CHINA, Beijing. In the first three quarters of this year, the People's Republic of China imported a record quantity of 7.41 mill. t of meat including by-products and paid the equivalent of $23.19 bn. for this.
According to provisional figures from the General Customs Administration, the volume of imports rose considerably compared with the same period last year, namely by 3.11 mill. t or 72.1%; import expenditure rose by $10.5 bn. or 82.6%.
After the production losses due to ASF in their own country, pork was particularly sought after by Chinese importers in the past months; the corresponding purchase quantity without by-products shot up by 132.2% to 3.29 mill. t compared to the first three quarters of 2019. At the same time, beef imports increased by 38.8% to 1.57 mill. t. In addition, growing domestic livestock stocks, especially of pigs, have also increased the People's Republic's demand for soya for animal feed production.
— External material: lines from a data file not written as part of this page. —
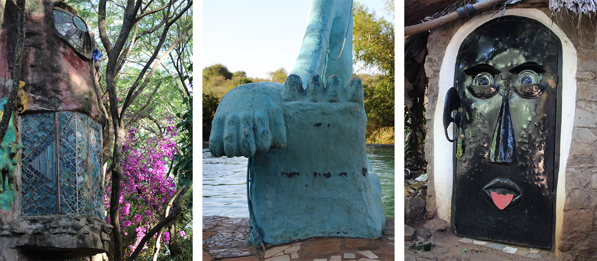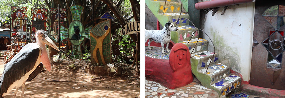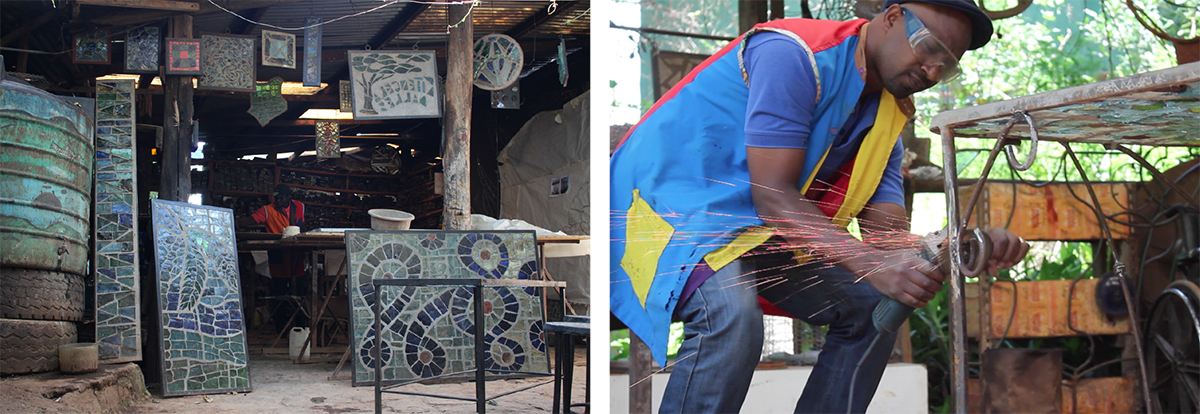 Today, Nani’s Kitengela Glass remains much unchanged. Following the mosaik paths you walk past unusual sculptures, buildings and animals, and every visit brings new discoveries. Between shop, gallery and intricately sculpted sitting areas, you can wander about, watching the artisans work with recycled glass and metal, tin and plastic and turning them into pieces of art.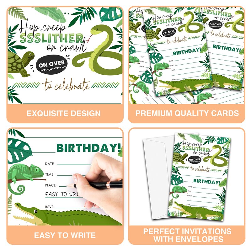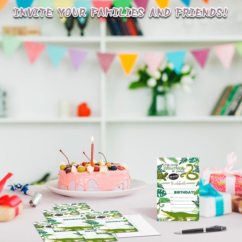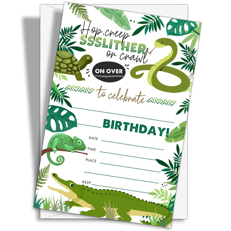 YQV Reptile Birthday Party Invitations, 20-Count Snake Lizard Crocodile Theme Birthday Party Invites With Envelopes-HBYQK-B35
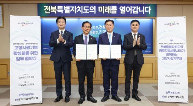 도는 26일 도청에서 광주지방세무사회와 업무협약을 체결하고, 세무 상담 현장과 연계한 세액공제 안내와 제도 홍보를 추진한다고 밝혔다.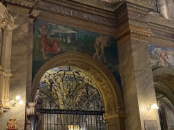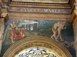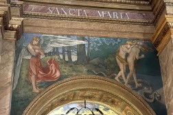 – Malowidło powstało w 1897 roku. Możemy oglądać je w nawie głównej nad jedną z arkad po stronie południowej. Jest to przepiękne przedstawienie – piękna scena, piękna kompozycja. Archanioł, który strzeże bramy do raju, ma bardzo smutną postawę – opuszczoną głowę. Widać smutek na jego twarzy, jakby nie chciał patrzeć na scenę wypędzenia pierwszych rodziców z raju. Jednocześnie przytula do siebie ognisty miecz, jakby nie chciał wyrządzić nim żadnej krzywdy. Ważną postacią tej sceny jest Ewa, która odwraca głowę w kierunku utraconego raju – z nadzieją, że być może nie wszystko jest jeszcze stracone – opisywał ks. Paweł Tkaczyk.

Imports of this product increased by 15.5% to 74.5 mill. t from January to September 2020 compared to the previous year.
According to the Chinese Ministry of Agriculture, the number of pigs and the herd of breeding sows has been continuously increased in recent months; in the meantime, a level of 80% of "normal years" has been reached again. According to analysts, the twelve largest listed companies with pigs sold 5.7 mill. animals in September, an increase of 87% over the same month last year. The growing supply of pigs - in combination with high pork imports - has also been reflected in falling producer prices for the past three months. From mid-July to mid-October, the average price of slaughter pigs - based on live weight - fell by 22% across the country to its most recent level of €3.73 per kg. This was the first time since the beginning of June that the price fell below the €3.77 per kg threshold. In contrast, piglet prices have weakened slightly at best.